Friends, as a woman in
1st century Greece, I’m sure many voices conspired to tell Lydia all
the things she couldn’t do. At times
maybe the loudest of those voices came from Lydia herself. But by God’s grace all things are possible… and
Lydia, the dealer in purple from Philippi, became a means by which God worked
miracles. The same is true of you. Don’t listen to those external and internal
voices that say “no.” Focus on God’s
eternal “yes.” What are you going to
do with your purple? Amen.
Sermon text: Acts 16:9-15
Citations
1 See, e.g., https://exhibitions.kelsey.lsa.umich.edu/ancient-color/purple.php;
https://www.timesofisrael.com/purple-from-holy-temple-objects-traced-to-snail-guts-at-3000-year-old-haifa-factory/
2 I’m grateful to Fr. Tom Hart, OSB for this insight about Luke’s symbolic and rhetorical use of purple.
Gospel Text: John 14:23-29
23 Jesus answered [Judas (not Iscariot),] “Those who love me will keep my word, and my Father will love them, and we will come to them and make our home with them. 24 Whoever does not love me does not keep my words; and the word that you hear is not mine, but is from the Father who sent me.

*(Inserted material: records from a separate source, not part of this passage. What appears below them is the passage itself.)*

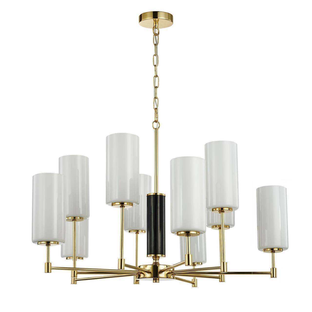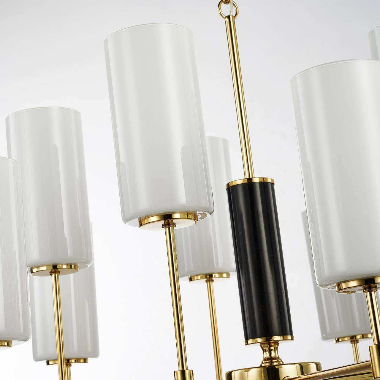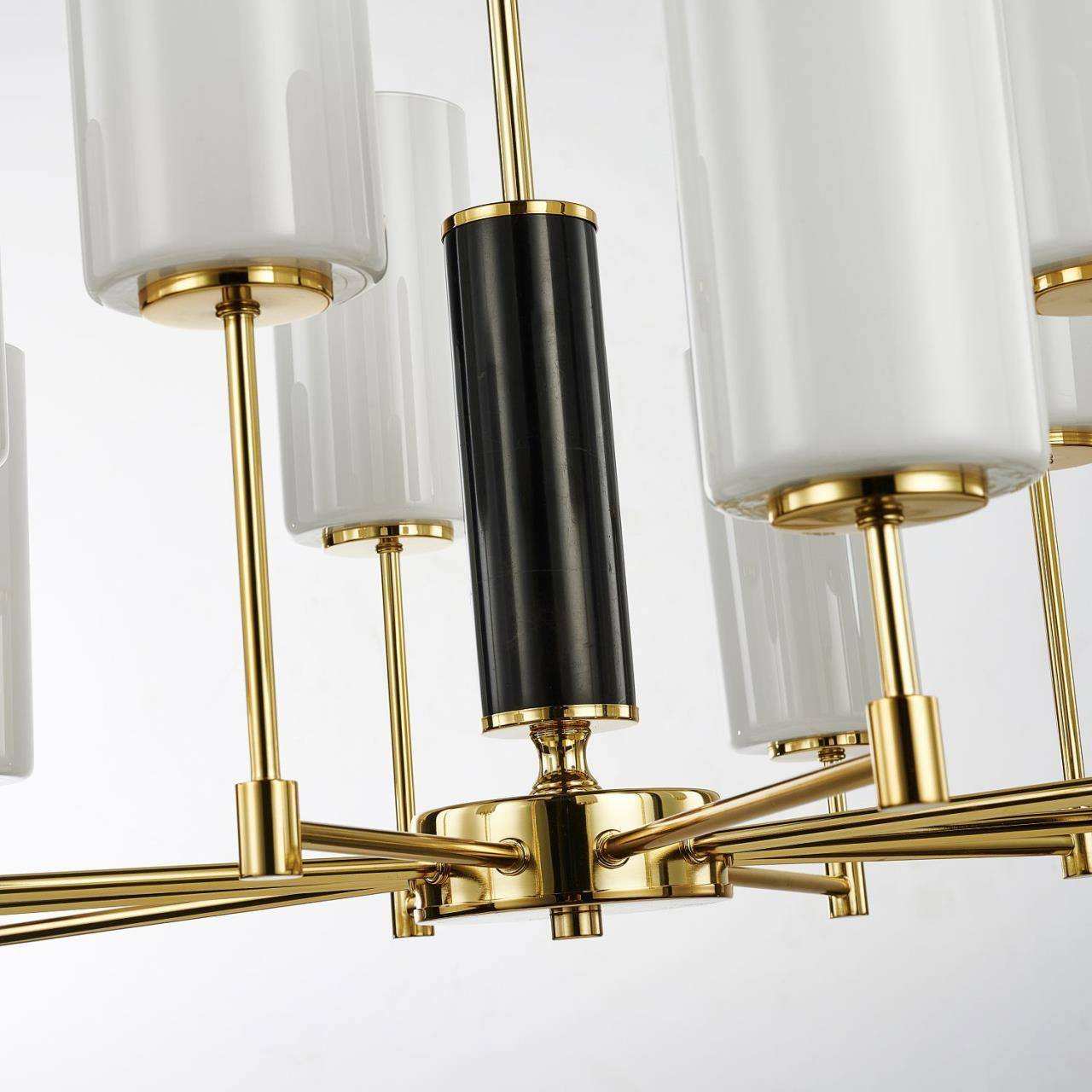 Каркас золотого цвета, плафоны из белого матового стекла, декоративный элемент из черного мрамора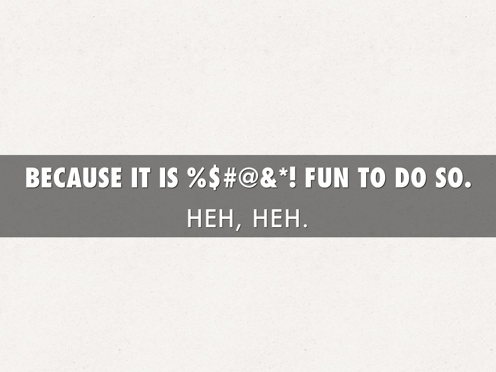 BECAUSE IT IS %$#@&*! FUN TO DO SO.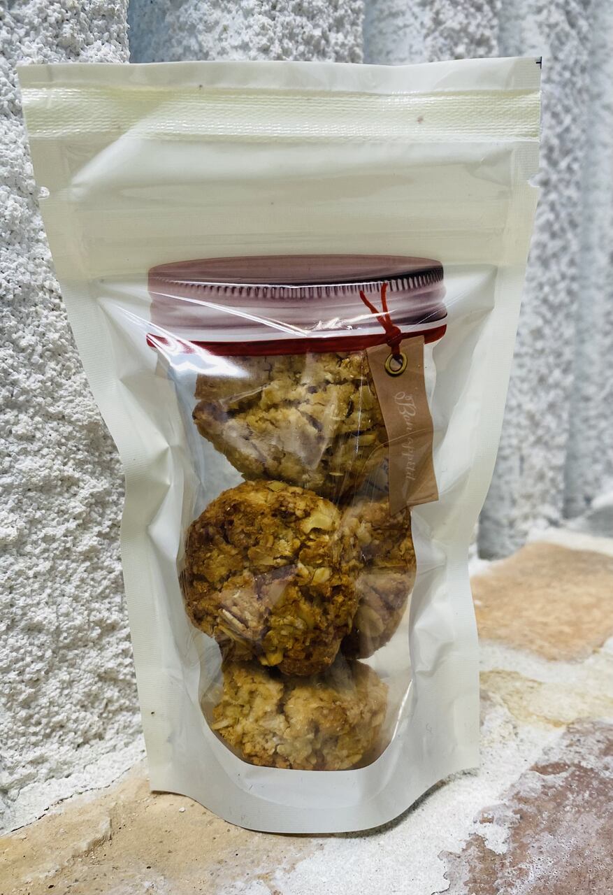 原料に手作りみそを使ってます。しかも麹が通常の5倍の量!(余談ですが、麹をモミモミしているだけで手がすべすべになりました) オートミールと合わせてかみ応えに食べ応えも抜群!せっかくなので米粉とココナッツオイルを使って健康に気を配る人にもオススメのお菓子になりました。和風テイストです。4枚入り。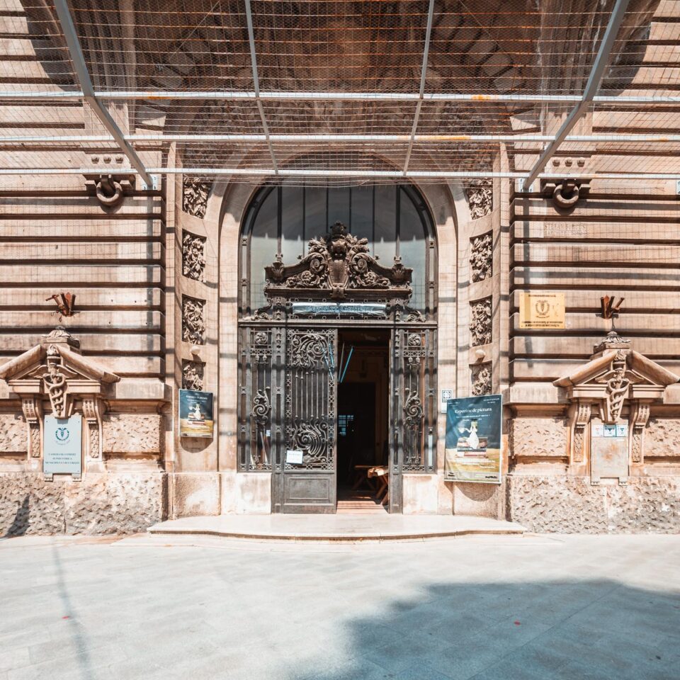 Se remarca frontonul semicircular care are la centru, sus, un ecuson cu un cap de leu (basorelief), încadrat de doua personaje alegorice adosate, în stânga Industria (o femeie îmbracata în voaluri, ce-si sprijina mâna stânga pe coada unui ciocan), iar în dreapta Comertul (zeul Mercur, ce tine în mâna stânga caduceul, iar în dreapta o ancora). Personajele, realizate în piatra, ronde-bosse, la dimensiuni naturale, exprima noblete si gravitate.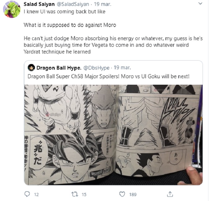 ‘Sé que el Ultra Instinto volverá pero ¿qué se supone que hará contra Moro? No puede simplemente esquivar a Moro que absorbe la energía o lo que sea, creo que simplemente comprará tiempo para que Vegeta llegue y haga alguna extraña técnica Yardrat que haya aprendido’.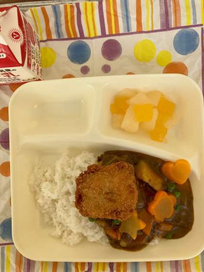 「カツカレーライス」は牛肉を主材としたカレーライスに、一口とんかつを添えていただきました。ラッキー人参も入っていて児童に大好評でした。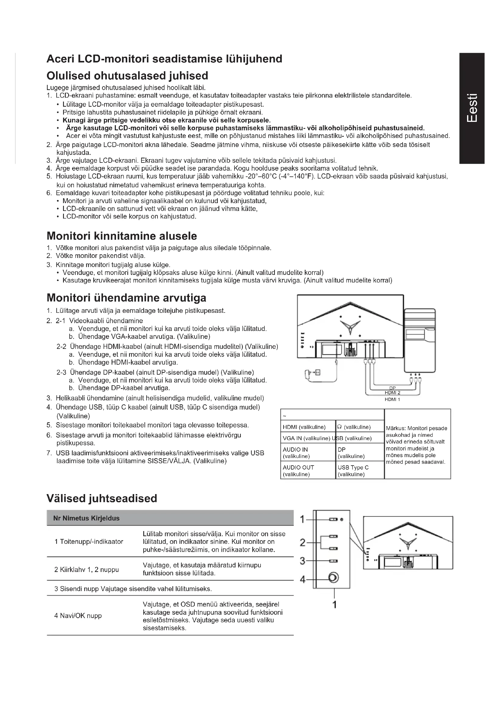 (tavaline) Kontrastsus Max 100000000:1 (ACM) Vaatenurk 178° (H) 178° (V) (CR = 10) Reaktsiooniaeg 2 ms (hallilt hallile), 0,5 ms (hallilt hallile, min) Paneeli tüüp VA Horisontaalsagedus HDMI: 31,469 - 192,692 KHz DP: 31,469 - 192,692 KHz Vertikaalsagedus HDMI: 48 – 165 Hz DP: 48 – 165 Hz Värvitäpsus 16,7 miljonit värvi Punkti taktsagedus HDMI: 393,092 MHz DP: 393,092 MHz Max eraldusvõime HDMI: 1920 x 1080 @ 165 Hz DP: 1920 x 1080 @ 165 Hz Automaatselt häälestuv VESA DDCCI / DDC2B Energiatarve Töörežiimis 25 W (tüüpiline) Puhkerežiimis 0,5 W (tüüpiline) Väljalülitatuna 0,3 W (tüüpiline) Sisendpistik HDMI (ainult HDMI-sisendiga mudel, valikuline) DP (ainult DP-sisendiga mudelitel) (valikuline) Video sisendsignaal DP (ainult DP-sisendiga mudelitel) (valikuline) HDMI (ainult HDMI-sisendiga mudel, valikuline) Kõlarid 2 W, 2 tk (ainult helisisendiga mudel, valikuline) Ekraani maksimaalsed mõõtmed Horisontaalne: 598 mm Vertikaalne: 336 mm Toiteallikas SISEND: 100–240 V, vahelduvvool, sagedus 50/60 Hz Ümbritseva keskkonna tingimused Töötemperatuur: 0° kuni 40°C Hoiustamise temperatuur: -20° kuni 60°C Suhteline niiskus: 20% kuni 80% Mõõtmed 614,7 (L) × 456,1 (K) × 240,7 (S) mm Mass (neto) 3,80 kg (netomass) Mehhanismi andmed Kallutamine: -5° kuni +15° Pööramine: Ei Kõrguse reguleerimine: Ei Telje ümber pööramine: Ei Eemaldatav tugijalg: Jah Välised juhtseadised Lüliti/nupud Toitenupp Kiirklahv 1 Kiirklahv 2 Sisend Menüü/Navi/OK Funktsioonid Heledus Kontrastsus Madalatasemeline sinine valgus Musta võimendus ACM HDR Üliteravus Gamma Värvitemperatuur Režiimid Värviruumile Hallskaala režiim 6-komponendiline värvitoon 6-komponendiline küllastus Helitugevus Vaigistatud Helimoonutused FreeSync Premium VRB Värskendussageduse väärtus Ülilühikest peiteaega AimPoint-sihik Keel Ekraanilekuvatava teate kestus Läbipaistvus Ekraanikuva lukk Sisend Allika automaatvalimine Lai (dün.) režiim Kiirklahvi määramine DDC/CI HDMI musta tase Kiirkäivitusrežiim Teave Lähtesta kõik sätted Tehnilised andmed erinevad mudeliti ja/või piirkonniti. Aceri toote kasutusjuhend ja muud dokumendid on saadaval Aceri ametlikul veebisaidil.Lietuvių LCD monitoriaus „Acer“ trumpasis sąrankos vadovas Svarbios saugos instrukcijos Atidžiai perskaitykite šias instrukcijas. 1. LCD ekrano valymas: pirmiausia užtikrinkite, kad maitinimo adapteris, kurį naudojate, atitiktų jūsų regiono elektros standartus.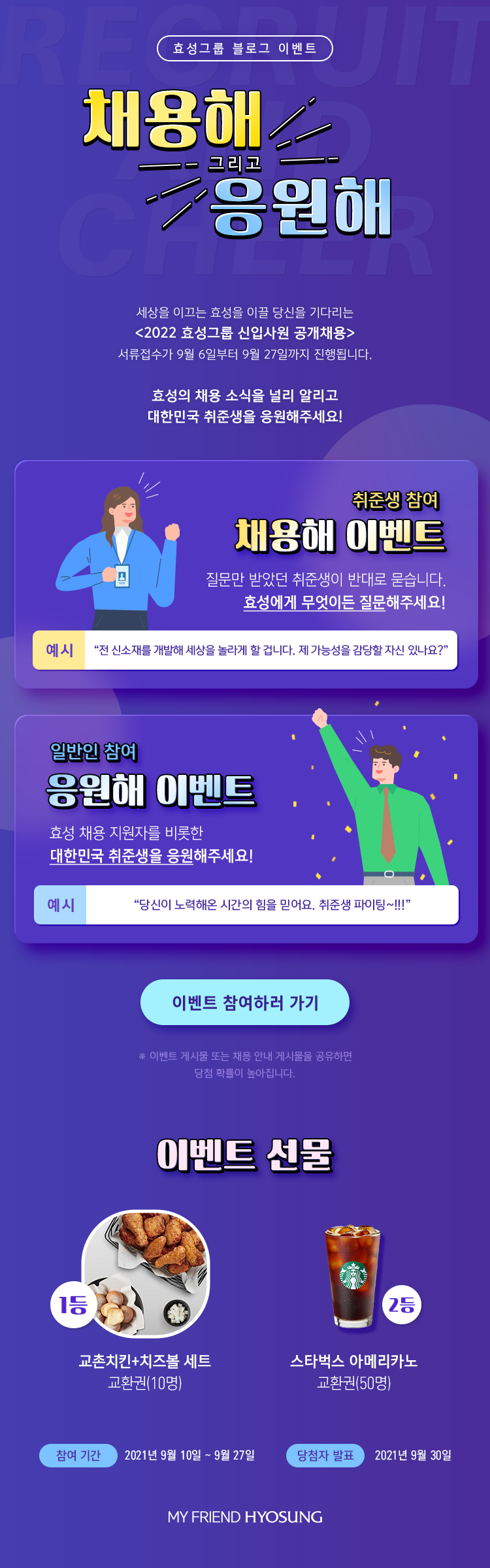 [이벤트] 효성은 지금 <채용해 그리고 응원해> 취준생도 여러분도 모두가 함께하는 EVENT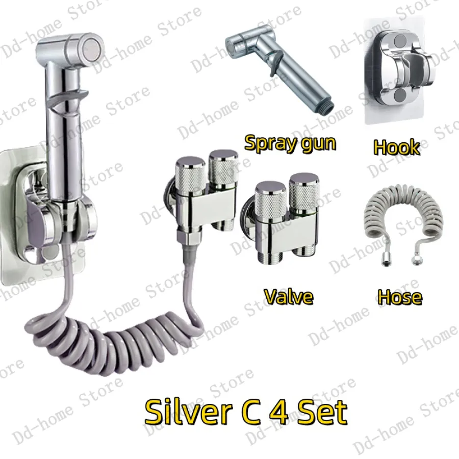 Handheld Bidet Sprayer Set Stainless Steel Spray Gun Shower Handheld Toilet Bidet Faucet Sprayer Shower Nozzle Self Cleaning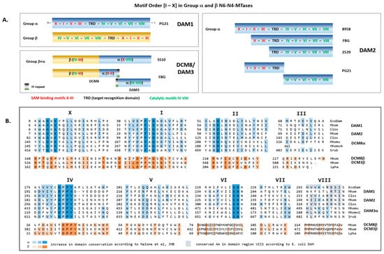 N-6-adenine and N-4-cytosine MTases are subdivided into six groups based on group-specific motif conservations. DAM1 and DAM2 were assigned to belong to the α group with the SAM-binding motifs X, I–III (coloured in red) N-terminal to the TRD region and the catalytic motifs IV–VIII (coloured in green) C-terminal (Figure 6).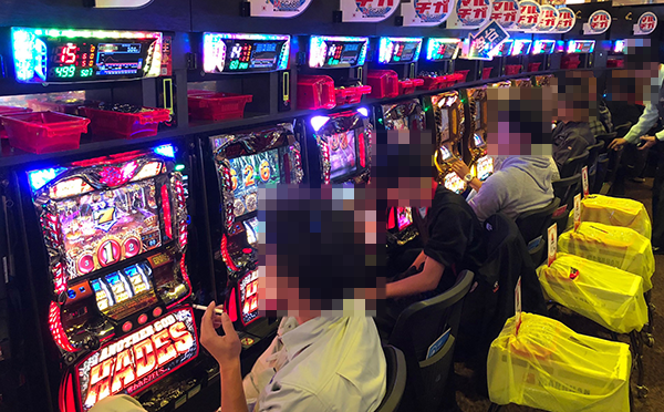 16時頃の21.27円パチスロをみると、「押忍!番長3」や「バジリスク~甲賀忍法帖~絆」が大盛況。シマ全体に華やかな光景が広がっていた。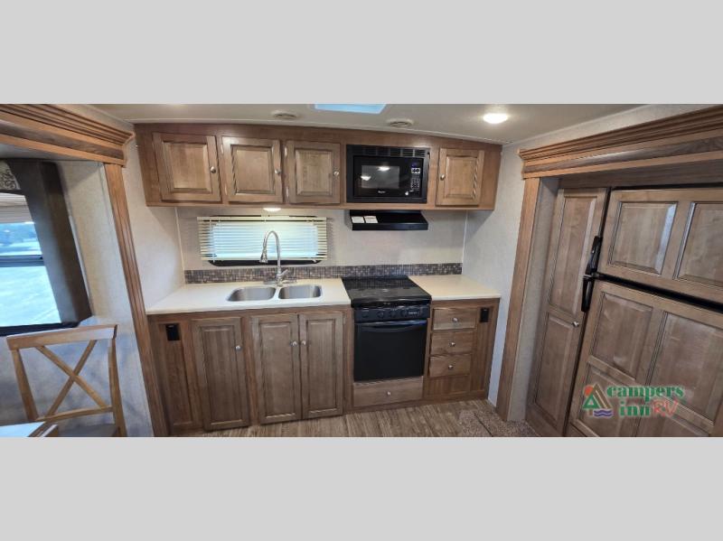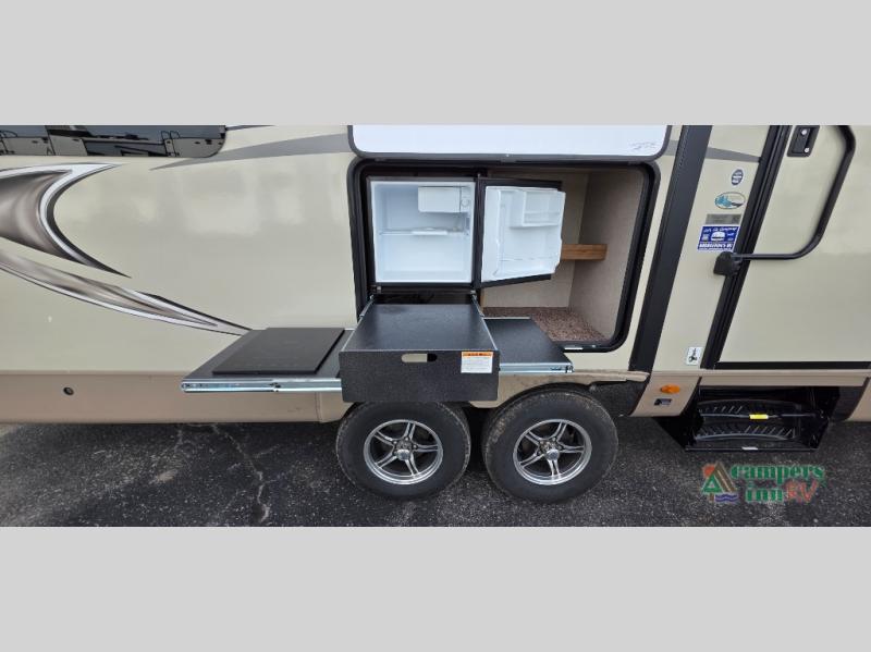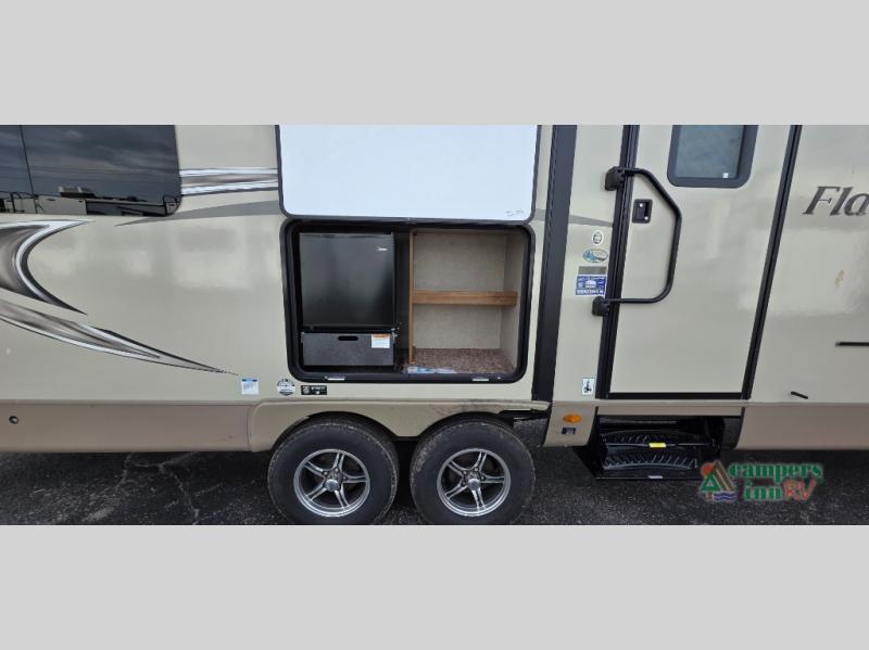 Come start your next camping trip with this triple slide out Flagstaff Super Lite 27RKWS travel trailer by Forest River. The hardest decision that you will have to make on your camping trip is where you will fix your meals - inside or outside. The mini outside kitchen features a cooktop and refrigerator, plus there is a gas grill nearby. Inside you will enjoy the spacious kitchen along the rear wall. For more counter space you can use the residential sink covers and more!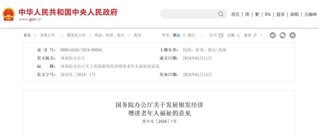 2024年1月15日,国务院办公厅发布《关于发展银发经济增进老年人福祉的意见》(下称《意见》),这是我国首部以“银发经济”命名的政策文件。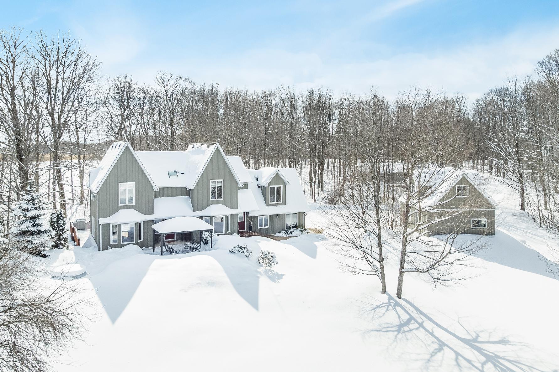 Set on over18 rolling acresjust outsideFlesherton,thispicturesque estate welcomesyouwith a winding drivewaythrough maturetrees,opening to panoramic viewsstretching acrossBeaverValleytoward Old Baldyand Kimberley,offering peacefulprivacyand truecountryliving at itsfinest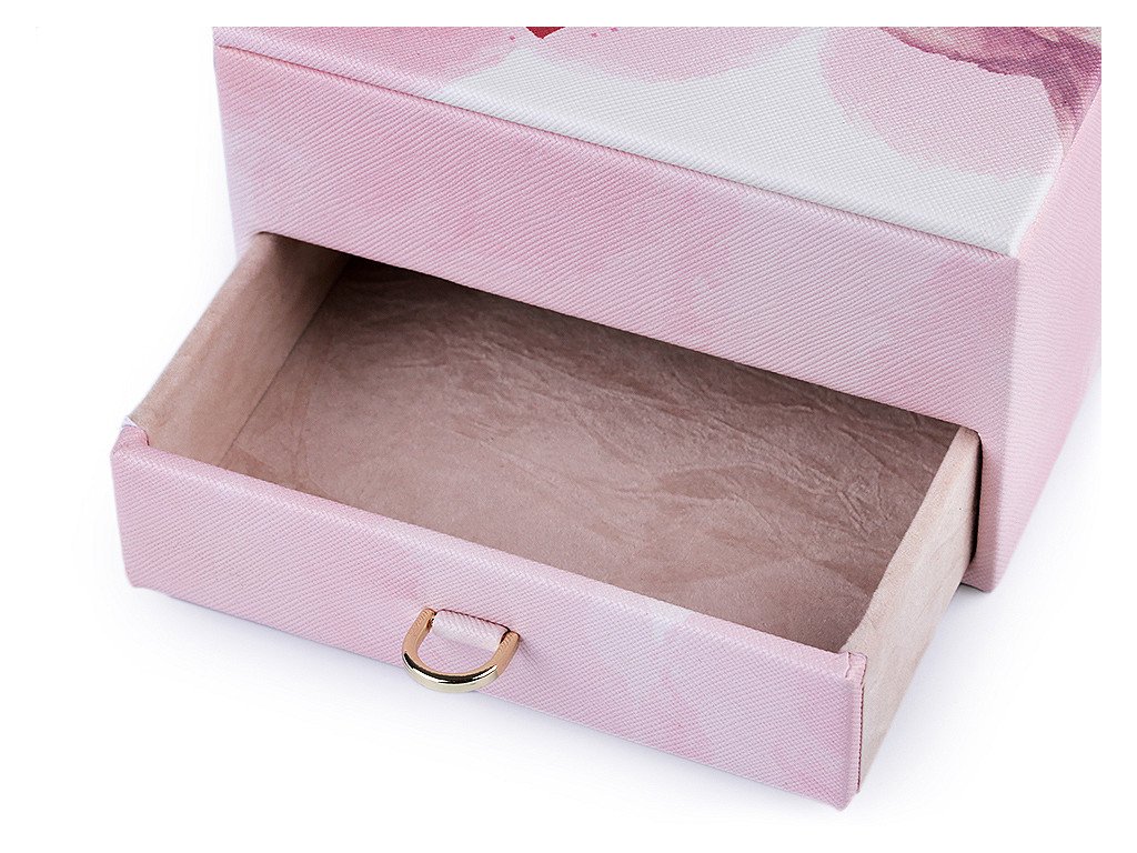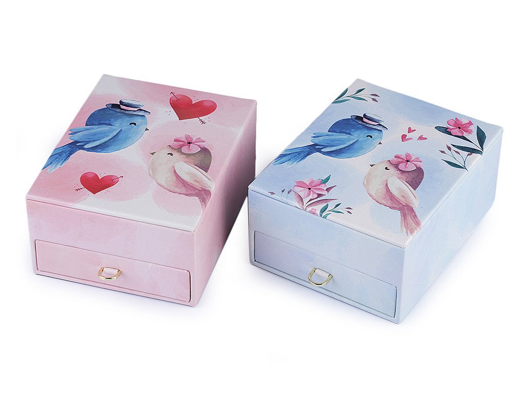 Šperkovnice s romantickým potiskem ptáčků spolehlivě ochrání šperky před nepříznivými vlivy okolí jako je světlo nebo vlhkost. Nahoře má odklápěcí víko se zrcadlem, ve spodní části je dlouhý šuplík. Pod víkem jsou 2 malé a velká přihrádka a oddíl na prsteny. Zrcadlo je odklápěcí, můžete ho pomocí přední hrany postavit (viz foto). Šperkovnice má velice kvalitní a precizní provedení.- Šířka: 14 cm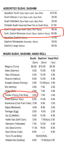 Firstly, I noticed that the charges exceeded the prices listed on the online menu. The sashimi moriawase was advertised at $85.95, yet we were charged $95.95. Additionally, the six pieces of toboki sushi were supposed to cost $3.95 each, totaling $11.85, but we were charged over $20 for them. After tax, it should be $110.51 but they charged $128.51 which overcharged by $18. My husband assisted with the pickup and was unaware of the total price. I only realized the discrepancies once he returned home.

25 “I have said these things to you while I am still with you. 26 But the Advocate, the Holy Spirit, whom the Father will send in my name, will teach you everything, and remind you of all that I have said to you. 27 Peace I leave with you; my peace I give to you. I do not give to you as the world gives. Do not let your hearts be troubled, and do not let them be afraid. 28 You heard me say to you, ‘I am going away, and I am coming to you.’ If you loved me, you would rejoice that I am going to the Father, because the Father is
greater than I. 29 And now I have told you this before it occurs, so that when it does occur, you may believe.”